Letters to Santa – Automating Joy to the World, At Scale
It’s that time of year again. The time when the world’s largest order fulfillment operation experiences its heaviest load. No, not Amazon - we’re talking about Santa Claus, Inc. - the largest logistics company in the world, with a 24-hour global delivery window at peak load.
This year is different, however. Earlier this year, Saint Nick clicked on an ad on his Facebook feed, one promising a digital nomad lifestyle through automating his business. Sick of the Arctic weather and the stress of traveling, the thought of sitting on a beach in Thailand - while still bringing joy to children around the world - was enticing.
Santa paid for the course and applied the principles of process automation, task decomposition and distribution, and integration with third-party services to his business.
Now he’s kicking back on a beach on Koh Samui, while the automation brings joy to the world - at scale.
So this Christmas, children’s letters to Santa are routed to independent associates (their parents), who fulfill the orders using Amazon. Santa’s successful business transformation became a case study, which we’re going to share with you here.
Here’s how it’s done.
The Front End
Given that Santa’s a modern guy, and in case he needed to supplement his retirement income with some contract front-end development work, Santa decided to do a crash course in learning to program in React.js. It seemed like the thing all the cool kids were doing, so Santa wanted to give it a shot.

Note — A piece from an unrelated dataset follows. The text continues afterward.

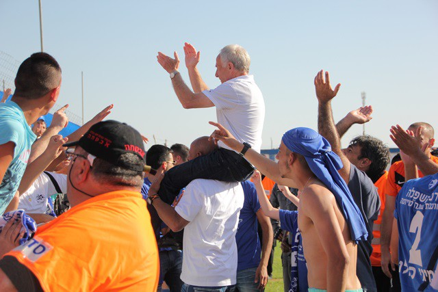מנחם איריס מונף על כתפיי האוהדים (צילום: איתמר מורז)

While it was harder than he thought, thanks to a lot of hard-core googling, and a lot of copy-paste (remember kids, good developers copy, great developers paste!) he was able to come up with a site that at least looks passable, and handles the simple function of accepting a letter to Santa and submitting it to the process engine.
For the process engine Santa of course chose Camunda!
Once the form was designed, all that was left to do was submit the form using some JavaScript:
const handleSubmit = event => {
event.preventDefault();
setSubmitting(true);
if (!event.target.checkValidity()) {
// form is invalid! so we do nothing
return;
}
const requestOptions = {
method: 'POST',
headers: { 'Content-Type': 'application/x-www-form-urlencoded;charset=UTF-8' },
body: JSON.stringify(formData)
};
fetch('https://write-a-letter-to-santa.org:9091/santa', requestOptions);
alert('Santa has been notified! You can reload the page to send another letter.');
}
Using a simple alert to let the user know that the form was submitted was the path of least resistance, and Santa was getting lazy.
The Process
Handling a letter by just forwarding it to the parents as-is seemed a little too lazy, even for Santa, so he quickly designed a business process using Cawemo to handle the routing of the letters.
Here’s what that process looks like:
And here’s the flow:
- A letter comes in, which starts the process.
- The letter is analyzed using some Natural Language Processing (NLP) algorithms to extract some parts of the letter to help figure out what the writer is asking for:
- Identify any items the writer is asking for.
- Do some Sentiment Analysis to try to figure out how important each item is to the writer.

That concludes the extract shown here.